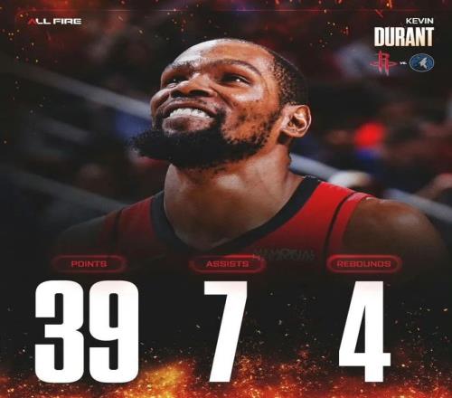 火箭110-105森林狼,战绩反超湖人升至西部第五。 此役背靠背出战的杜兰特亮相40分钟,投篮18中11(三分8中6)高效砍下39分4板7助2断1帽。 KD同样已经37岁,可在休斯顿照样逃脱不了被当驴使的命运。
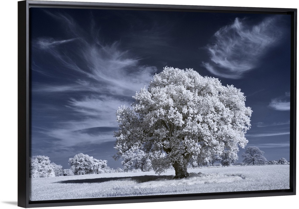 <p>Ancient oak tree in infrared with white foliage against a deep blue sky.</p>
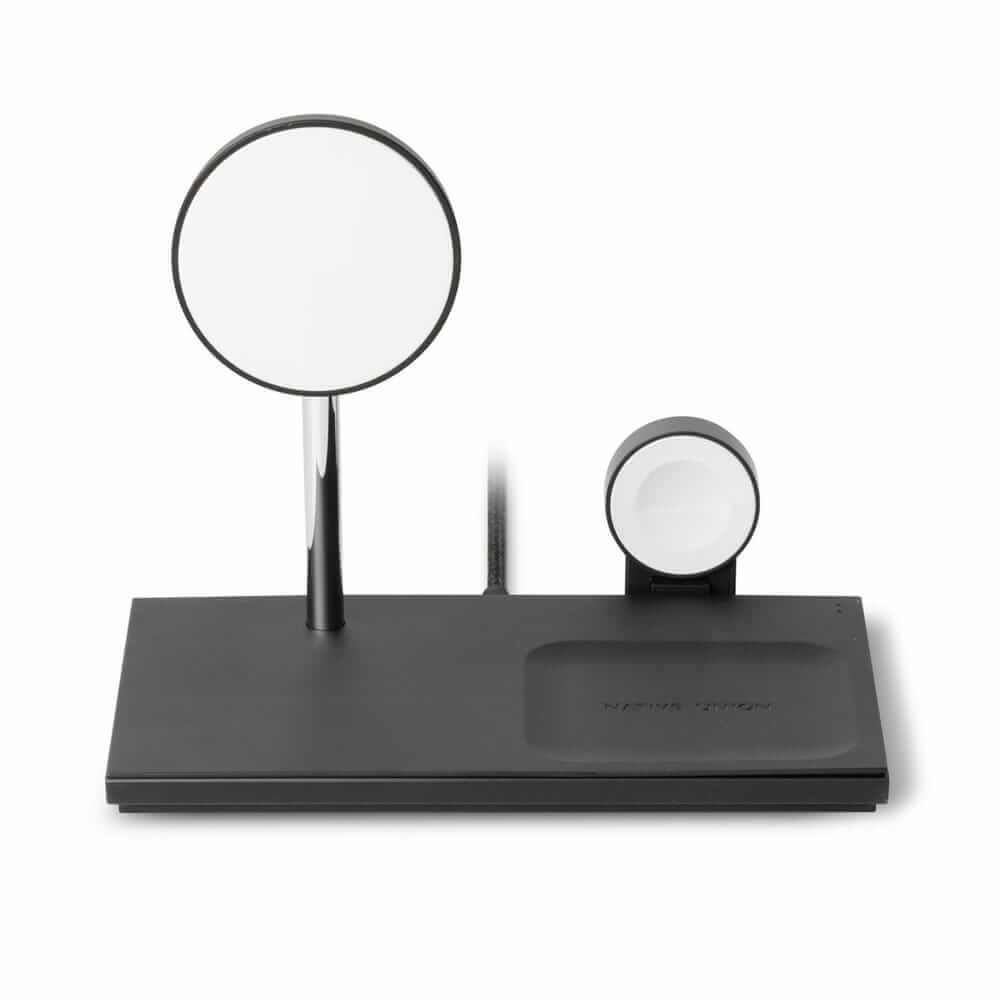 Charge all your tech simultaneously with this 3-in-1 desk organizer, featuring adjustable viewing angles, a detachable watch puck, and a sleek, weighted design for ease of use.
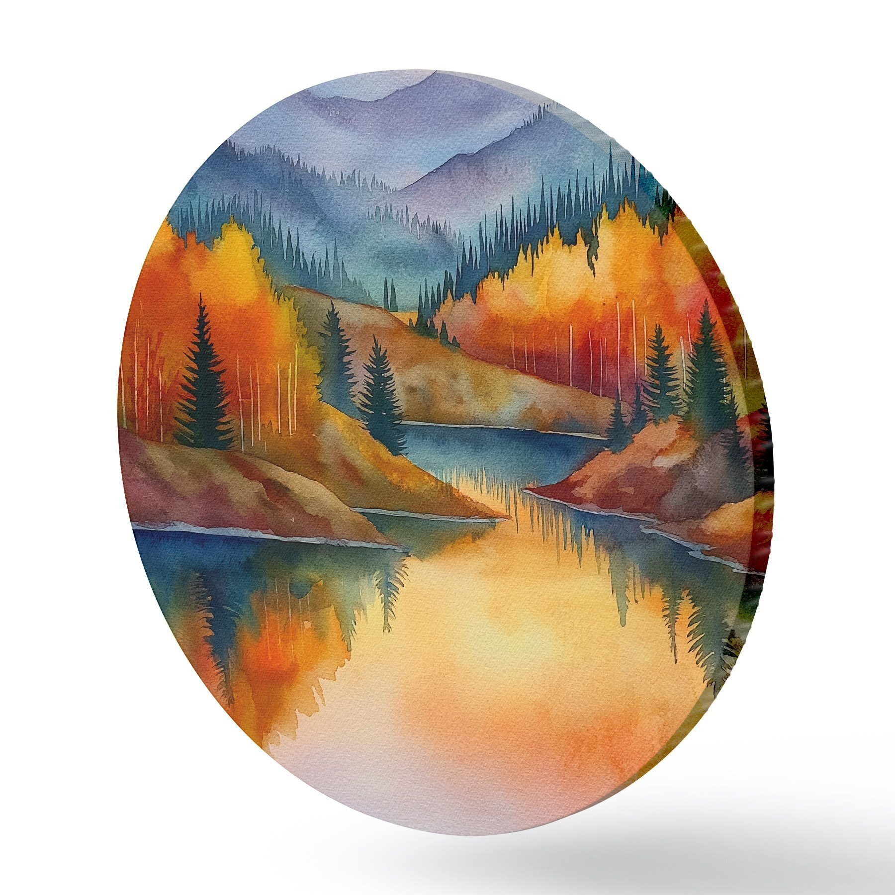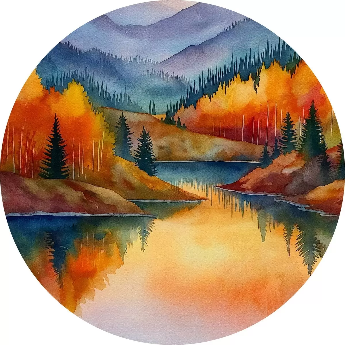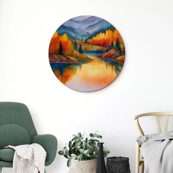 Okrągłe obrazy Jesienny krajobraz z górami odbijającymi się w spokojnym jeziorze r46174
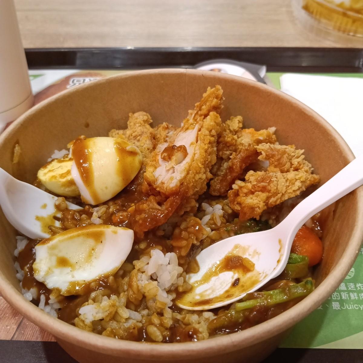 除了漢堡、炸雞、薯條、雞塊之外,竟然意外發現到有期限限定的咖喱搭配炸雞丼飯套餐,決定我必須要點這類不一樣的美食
----------
> Exercise description
Your task is to retype the lines running from the one that contains "Okrągłe obrazy Jesienny krajobraz" through the end of the records, and nothing else. Pictures are not part of the copy.

> Reply to the task
 Okrągłe obrazy Jesienny krajobraz z górami odbijającymi się w spokojnym jeziorze r46174
 除了漢堡、炸雞、薯條、雞塊之外,竟然意外發現到有期限限定的咖喱搭配炸雞丼飯套餐,決定我必須要點這類不一樣的美食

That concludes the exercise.